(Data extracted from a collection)
= = = = = = =

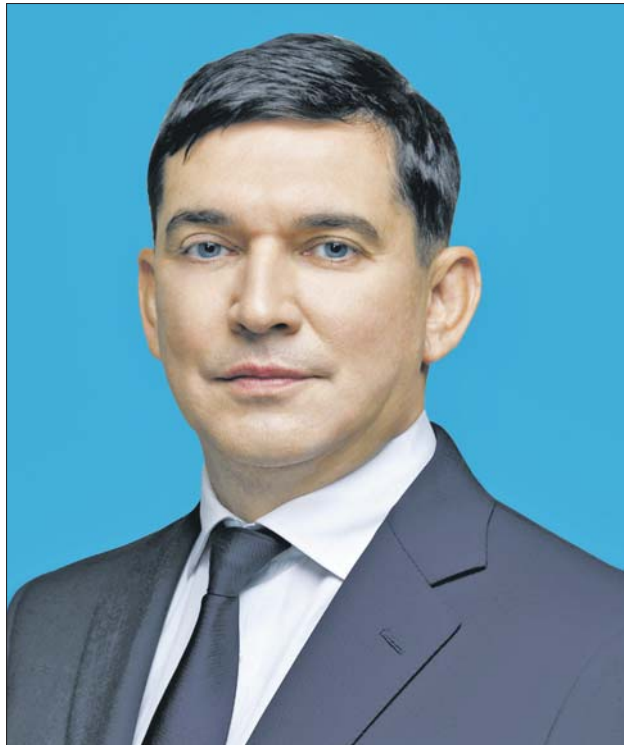
Префект Северо-Восточного административного округа г. Москвы Сергей Мельников

— Мы провели глубокое социальное исследование, собрали пожелания людей, выявили, сколько детей, молодых семей, людей старшего поколения здесь проживают. Рассчитали потребность в дополнительных парковочных местах: больше всего люди жаловались на хаотичную парковку. В результате в квартале создали две детские площадки: с горками, канатными мостиками и скалодромом для тех, кто старше, и с песочницами, каруселями, качелями для малышей. Ещё одна игровая площадка разместилась с внешней стороны 6-го корпуса. Позаботились о родителях: для них на всех площадках установили скамейки с навесами. Обустроили места тихого отдыха с парковыми качелями и садовыми диванами. Любители спорта получили
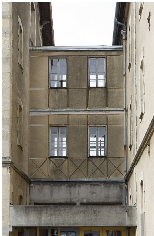
Passerelle entre le corps central et l'aile est.
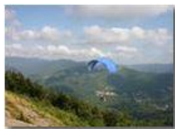
Parapendio in volo

Pietro Marcheselli - Canon EOS 300D 2005 - Estate - Savignone - Altro
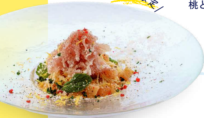
桃と生ハムの カッペリーニ 2,200yen
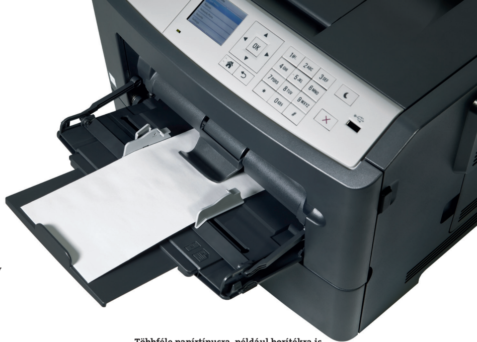
Többféle papírtípusra, például borítékra is nyomtathatunk az ineo 4700P segítségével
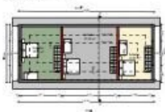
DACHGESCHOSS / SCHEUNE - UMNUTZUNG ZU 3 APPARTEMENTS:
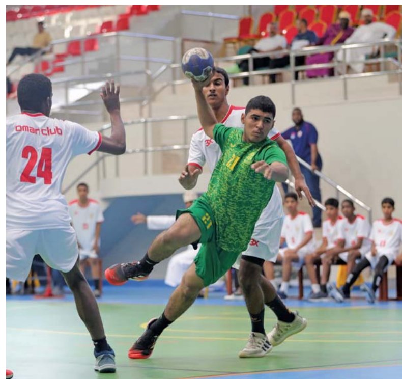
أداء مميز ومنافسة شرسة واللظة من مباراة السيب و نادي عمان

شهدت الجولة الثانية لدوري الناشئين لكرة اليد للموسم الرياضي ٢٠٢٤/٢٠٢٥ منافسات قوية، حيث حقق نادي السيب فوزه الثاني في الدوري بعد تغلبه أمس الأول في الجولة الثانية على نادي عمان ١٩/٢٨ وكان نادي السيب فاز في الجولة الأولى على نادي السويق ٦/٢٥ وفاز نادي مسقط على نادي صحم ٨/٤٢ وتغلب نادي العروبة على نادي السويق ٧/٢٦ وكانت الجولة الأولى أسفرت عن فوز نادي نزوى على نادي صحم وتفوق السيب على نادي السويق ٦/٢٥ وفوز العروبة على نادي عمان ١٣/٢٥.
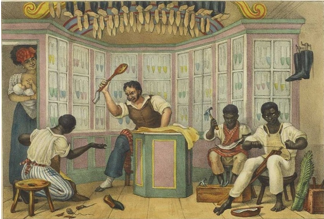
Figura 2: Loja de Sapateiro Jean-Baptiste Debret Litografia, 19,9x23,8 cm
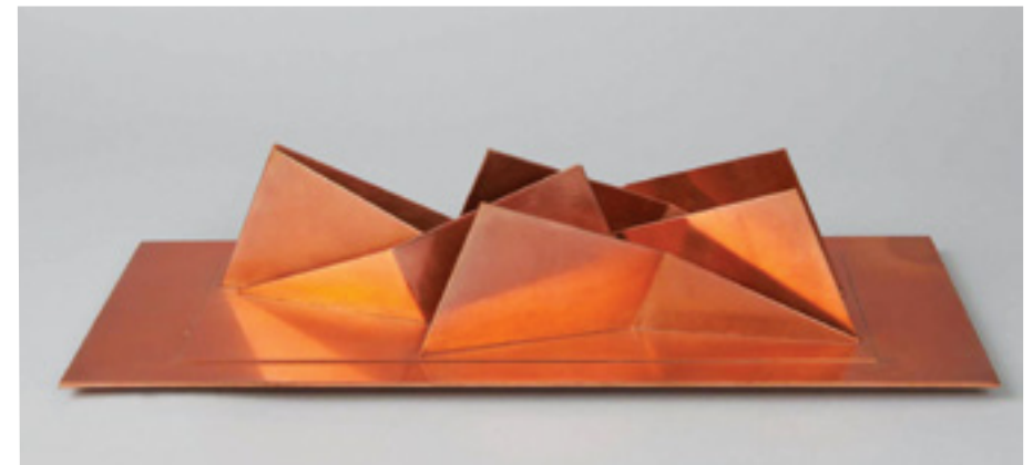
Cuivre 7 éléments Cuivre 47 x 20 x 10 cm 1999
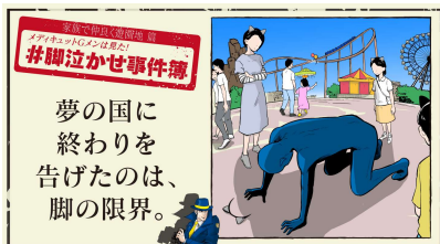
夢の国に終わりを告げたのは、脚の限界。
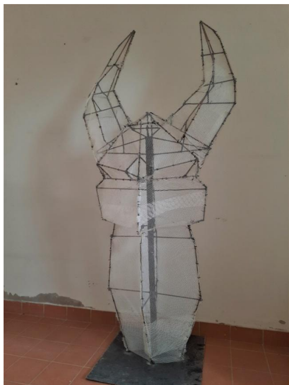
Slika 9. Druga faza izrade

U drugoj fazi izrade učvršćena je armirna mrežica za pročelja na konstrukciju pomoću paljene žice. Preko postavljene armirne mrežice za pročelja pričvršćena je pocinčana mreža koja će s armirnom mrežicom za pročelja tako pričvršćena na konstrukciju prateći formu iste biti konačni nosivi dio skulpture.
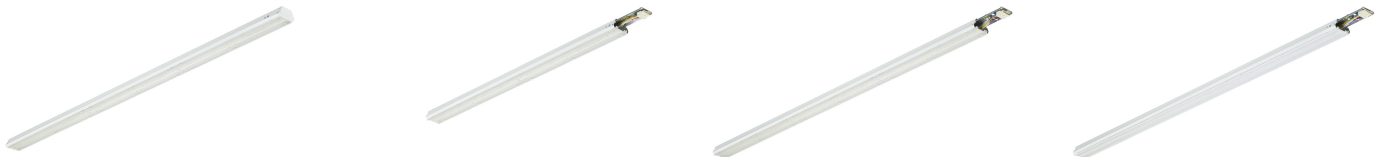
Coreline Trunking Gen2 - 84°
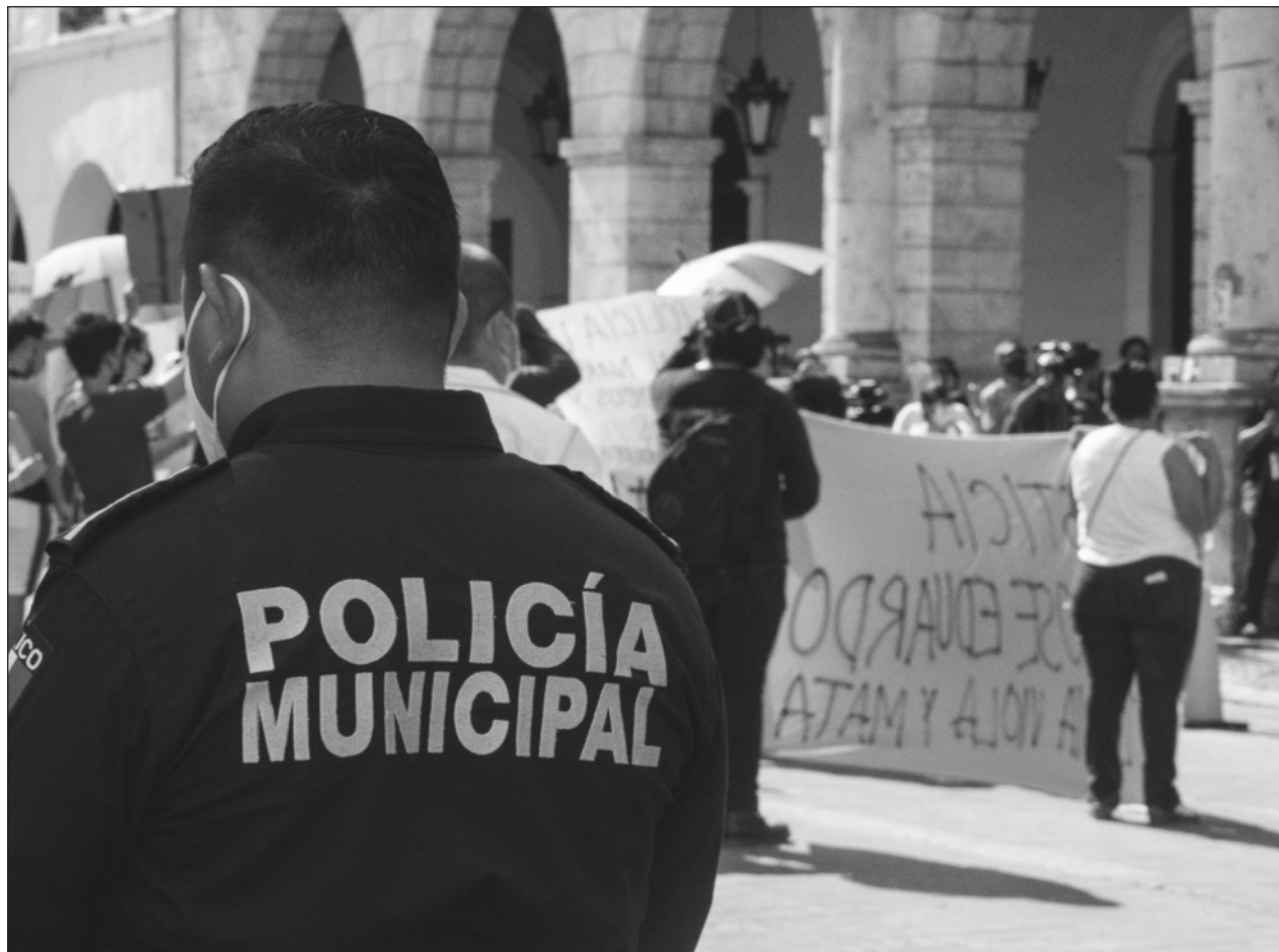
▲ La Policía Municipal de Mérida no ha parado en capacitaciones sobre derechos humanos.
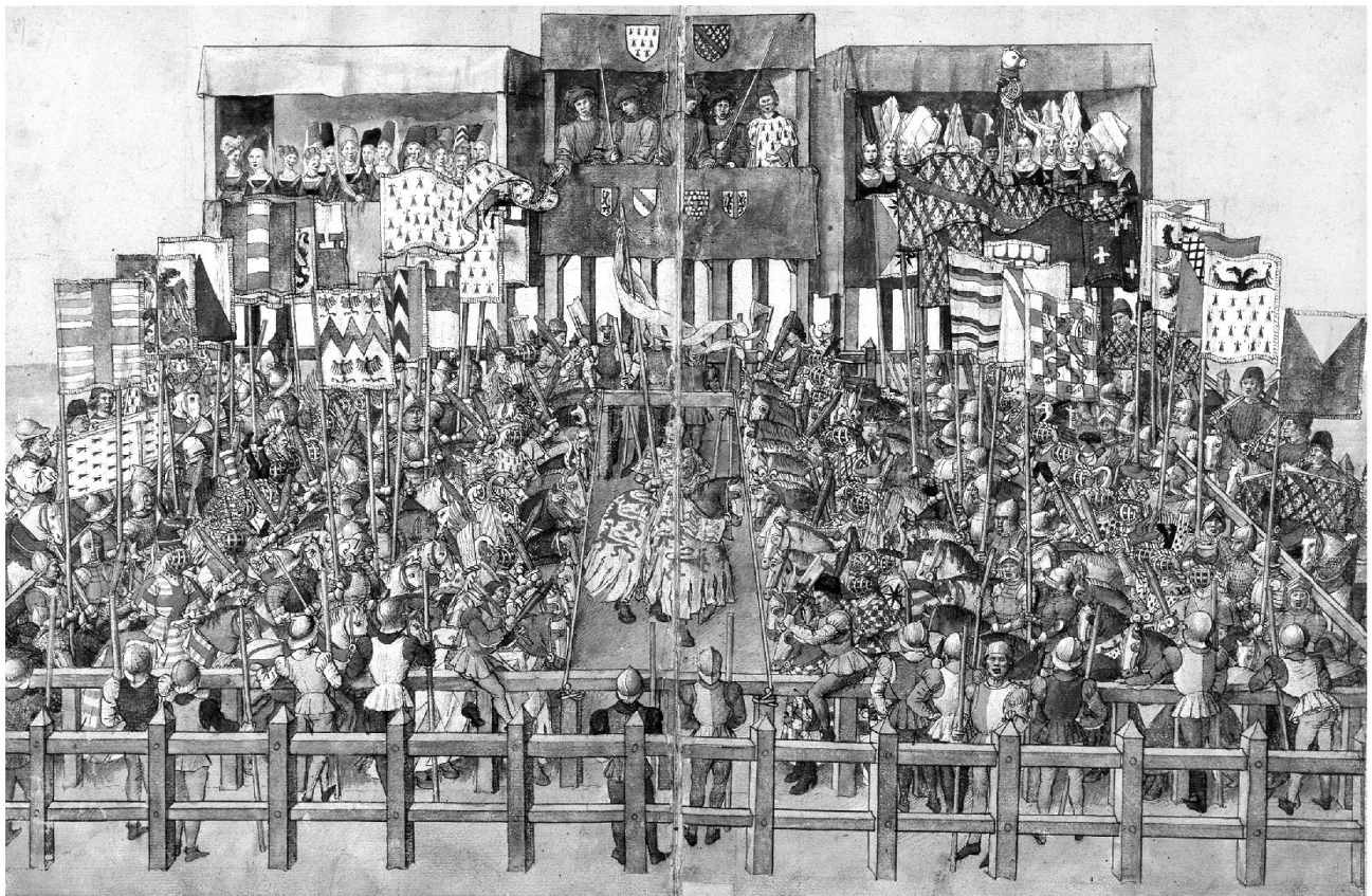
1: Barthélemy d'Eyck, Beginn des Kolbenturniers, um 1460. Zwischen den Seilen der Ehrenritter (Ringrichter), zu beiden Seiten die zwei Mannschaften, im vergitterten Kolbenturnierhelm die Kämpfer, mit den Standarten die Wappenknechte.

von Schaffhausen gesehen haben. Denn in seinem Traktat über die Art und Weise, wie man ein Turnier veranstalten solle, erwähnt er im Vorwort, dass er sich v. a. an Turnieren orientiert habe, wie sie am Rhein und in Deutschland gepflegt werden. Sein überragendes, 1460 von Barthélemy d'Eyck illustriertes Turnierbuch erscheint denn auch zu einem guten Teil wie die Bebilderung der beiden spanischen Berichte über die Schaffhauser Turniere (Abb. 1). Auffallend ist, dass diese drei farbenreichen Turnierschilderungen von Fremden stammen, wogegen die regionalen Texte des Konstanzer Chronisten Gebhard Dacher und des Ritters Rudolf von Eptingen über die Schaffhauser Turniere relativ dürr bleiben. Das mag einerseits
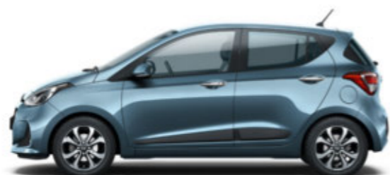
Aqua Sparkling (W3U)
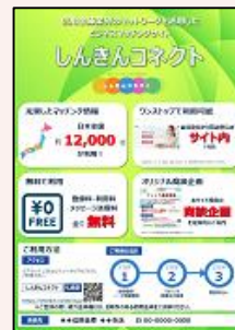
しんきんコネクト
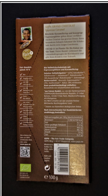
Gepa: Grand Chocolat Espresso Caramel, fair+ Bio Vollmilchschokolade mit Esspressosplittern und Karamellrisp, Tafel 100 g 2,50 €
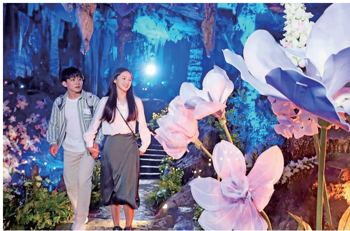
成功打造沉浸式溶洞元宇宙演艺项目

助力开展文旅优惠活动。2022年协助自治区文旅厅累计发放消费券共1000万元，直接带动消费7160万元；2023年助力“秋冬/春游广西”景区门票优惠和酒店住宿优惠活动，完成交易金额约5288万元，服务游客累计约132万人次。打造“梦幻灵境”AI展演中心。与人民网联合实施打造“梦幻灵境”AI展演项目，主要展示AI体验剧《白泽的奇幻旅程》，该剧目将科技与音乐、戏剧、舞蹈、传统文化等多种元素深度融合，为现场观众带来沉浸式的观赏体验，持续以展示人工智能前沿成果为核心，打造成为面向广大青少年、市民游客和企事业单位的科技素养体验馆、新型消费打卡地、科

= = = = = = =

• [THE PROBLEM]
Pictures aside, every entry above must be repeated exactly.

• [OUTPUT BELOW]
Префект Северо-Восточного административного округа г. Москвы Сергей Мельников

— Мы провели глубокое социальное исследование, собрали пожелания людей, выявили, сколько детей, молодых семей, людей старшего поколения здесь проживают. Рассчитали потребность в дополнительных парковочных местах: больше всего люди жаловались на хаотичную парковку. В результате в квартале создали две детские площадки: с горками, канатными мостиками и скалодромом для тех, кто старше, и с песочницами, каруселями, качелями для малышей. Ещё одна игровая площадка разместилась с внешней стороны 6-го корпуса. Позаботились о родителях: для них на всех площадках установили скамейки с навесами. Обустроили места тихого отдыха с парковыми качелями и садовыми диванами. Любители спорта получили
Passerelle entre le corps central et l'aile est.
Parapendio in volo

Pietro Marcheselli - Canon EOS 300D 2005 - Estate - Savignone - Altro
桃と生ハムの カッペリーニ 2,200yen
Többféle papírtípusra, például borítékra is nyomtathatunk az ineo 4700P segítségével
DACHGESCHOSS / SCHEUNE - UMNUTZUNG ZU 3 APPARTEMENTS:
أداء مميز ومنافسة شرسة واللظة من مباراة السيب و نادي عمان

شهدت الجولة الثانية لدوري الناشئين لكرة اليد للموسم الرياضي ٢٠٢٤/٢٠٢٥ منافسات قوية، حيث حقق نادي السيب فوزه الثاني في الدوري بعد تغلبه أمس الأول في الجولة الثانية على نادي عمان ١٩/٢٨ وكان نادي السيب فاز في الجولة الأولى على نادي السويق ٦/٢٥ وفاز نادي مسقط على نادي صحم ٨/٤٢ وتغلب نادي العروبة على نادي السويق ٧/٢٦ وكانت الجولة الأولى أسفرت عن فوز نادي نزوى على نادي صحم وتفوق السيب على نادي السويق ٦/٢٥ وفوز العروبة على نادي عمان ١٣/٢٥.
Figura 2: Loja de Sapateiro Jean-Baptiste Debret Litografia, 19,9x23,8 cm
Cuivre 7 éléments Cuivre 47 x 20 x 10 cm 1999
夢の国に終わりを告げたのは、脚の限界。
Slika 9. Druga faza izrade

U drugoj fazi izrade učvršćena je armirna mrežica za pročelja na konstrukciju pomoću paljene žice. Preko postavljene armirne mrežice za pročelja pričvršćena je pocinčana mreža koja će s armirnom mrežicom za pročelja tako pričvršćena na konstrukciju prateći formu iste biti konačni nosivi dio skulpture.
Coreline Trunking Gen2 - 84°
▲ La Policía Municipal de Mérida no ha parado en capacitaciones sobre derechos humanos.
1: Barthélemy d'Eyck, Beginn des Kolbenturniers, um 1460. Zwischen den Seilen der Ehrenritter (Ringrichter), zu beiden Seiten die zwei Mannschaften, im vergitterten Kolbenturnierhelm die Kämpfer, mit den Standarten die Wappenknechte.

von Schaffhausen gesehen haben. Denn in seinem Traktat über die Art und Weise, wie man ein Turnier veranstalten solle, erwähnt er im Vorwort, dass er sich v. a. an Turnieren orientiert habe, wie sie am Rhein und in Deutschland gepflegt werden. Sein überragendes, 1460 von Barthélemy d'Eyck illustriertes Turnierbuch erscheint denn auch zu einem guten Teil wie die Bebilderung der beiden spanischen Berichte über die Schaffhauser Turniere (Abb. 1). Auffallend ist, dass diese drei farbenreichen Turnierschilderungen von Fremden stammen, wogegen die regionalen Texte des Konstanzer Chronisten Gebhard Dacher und des Ritters Rudolf von Eptingen über die Schaffhauser Turniere relativ dürr bleiben. Das mag einerseits
Aqua Sparkling (W3U)
しんきんコネクト
Gepa: Grand Chocolat Espresso Caramel, fair+ Bio Vollmilchschokolade mit Esspressosplittern und Karamellrisp, Tafel 100 g 2,50 €
成功打造沉浸式溶洞元宇宙演艺项目

助力开展文旅优惠活动。2022年协助自治区文旅厅累计发放消费券共1000万元，直接带动消费7160万元；2023年助力“秋冬/春游广西”景区门票优惠和酒店住宿优惠活动，完成交易金额约5288万元，服务游客累计约132万人次。打造“梦幻灵境”AI展演中心。与人民网联合实施打造“梦幻灵境”AI展演项目，主要展示AI体验剧《白泽的奇幻旅程》，该剧目将科技与音乐、戏剧、舞蹈、传统文化等多种元素深度融合，为现场观众带来沉浸式的观赏体验，持续以展示人工智能前沿成果为核心，打造成为面向广大青少年、市民游客和企事业单位的科技素养体验馆、新型消费打卡地、科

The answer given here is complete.